Тонкие руки в отметинах ссадин выпростались из шкур и обняли человека, который в упор смотрел на Яхи бешеными светлыми глазами. Руки светлоглазого жили своей жизнью — выпутали из намокшей шкуры девичью головку и осторожно погрузили в её растрёпанные волосы какую-то сверкающую даже в рассеянном сумеречном свете вещицу — и волосы эти, как живые, немедленно принялись расплетаться и снова переплетаться, на них заиграли и разбежались по всему нагому девичьему телу голубые искорки… А светлые глаза его, глядя чуть снизу, неотрывно держали Яхи взглядом — и клубилась в них пополам с еле сдерживаемой силой такая ярость, что Яхи порадовался, что ничего не успел сделать с этой девушкой — только порвал её одежду…

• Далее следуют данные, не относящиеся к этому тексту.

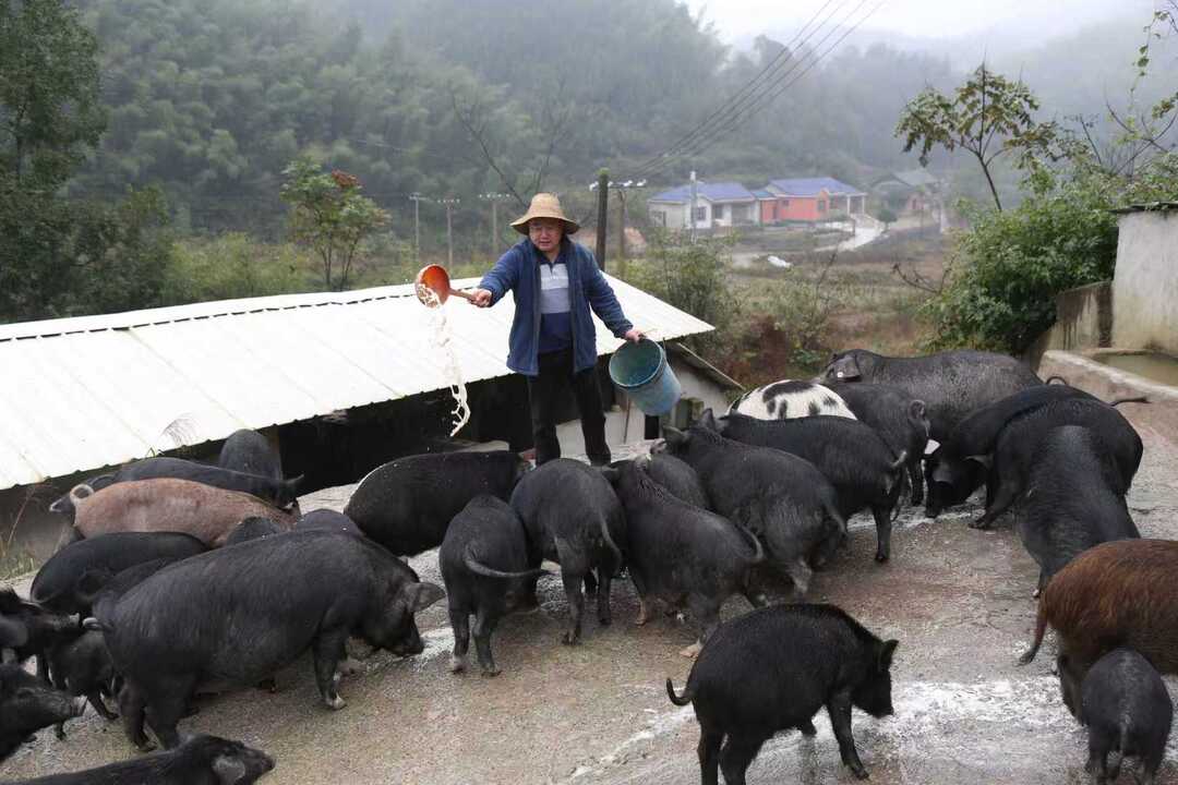 2021年,了解到“藏香猪”养殖模式后,他发现这个又名“人参猪”的瘦肉型猪种,以天然野生植物及果实为主食,非常适合落家坪的自然环境。于是,一座占地3000多平方米的养殖基地动工兴建,高峰期存栏量达2000多头。凭借原生态的饲养方式与驻村工作队的帮扶,杨景义的“藏香猪”逐渐打开市场,供不应求。

Впрочем, светлоглазый держал мана в своей власти, даже и закрыв глаза. Эти двое слились в одно, и для них не стало ни леса, ни дождя, ни Яхи, ни самого мира, ни времени… И Яхи убедился: она говорила правду — он, ман, и в самом деле пытался взять абсолютно чужое. Никогда бы ему не суметь стать её половиной…

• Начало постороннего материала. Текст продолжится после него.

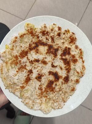 - Tabur bahan yang sudah dicampur rata ke atas teflon yang sudah diolesi mentega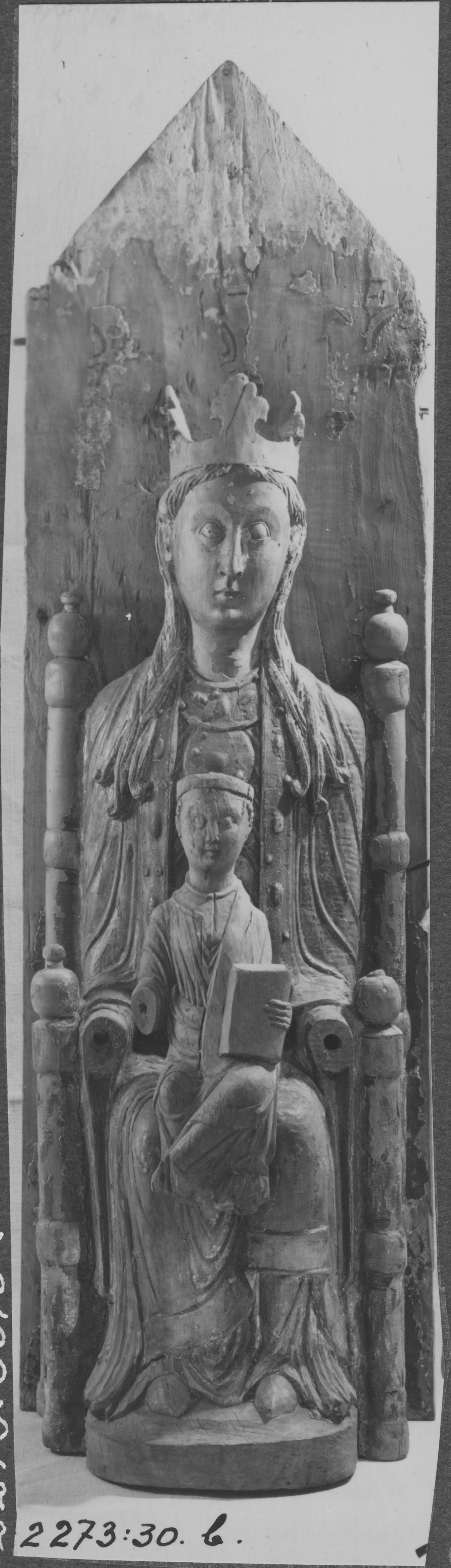 Beskrivning: Träskulptur föreställande Madonnan och barnet.

69. Справедливость для манов, или
…Бену недолго удалось лететь за ментоэхом своей уносимой подземным потоком жены, ибо накаркал: довольно скоро во флайер таки долбанула молния, и, сшибая сначала верхушки, а потом и ветки, аппарат провалился в отсыревшую массу леса. Все эти многочисленные упругие древесные тела притормозили падение машины, благо, летел Бен невысоко, с небольшой скоростью, и флайер, хотя и приложился о землю, вышибая дух из пилота, помялся, но всё же не взорвался и не убил его. Бен, впрочем, потерял сознание гораздо раньше — а именно в момент удара молнии, но, очнувшись, оценил милость случая и собственную удачливость. Особенно, когда вспомнил — молния-то ведь ударила не куда-нибудь. Вон — и отверстие в лобовом стекле, и пульт, и штурвал оплавлены… и ладони основательно закоптились, хотя в салоне ничего нигде не загорелось… А поверх копоти ладони отчётливо светились ясным синим огнём… Чувствовал он себя довольно странно, имели место дезориентация и ощущение нереальности, как во сне… От неловкого, но вполне естественного движения рук — посмотреть, а что с тыльной стороной кистей — с пальцев сорвались небольшие шаровые заряды и принялись плавать вокруг, сталкиваясь и оглушительно взрываясь… Прикосновение к волосам вызвало целый каскад подобных зарядов, только совсем уж мелких… Боясь, что разнесёт в салоне всё, что не успело пострадать при падении, Бен выбрался из ободранного флайера и довольно долго экспериментировал, находя себя даже не аккумулятором, а чем-то между электростанцией средней мощности и волшебником-недоучкой, и в конце концов наловчился удерживать доставшийся почти даром — не считая утраты пострадавшего флайера — потенциал внутри… Только кончики пальцев временами пощипывало, они горячели и, в такт всё ещё бившим в землю молниям, принимались светиться, да с волос то и дело брызгами срывались колючие синие искры…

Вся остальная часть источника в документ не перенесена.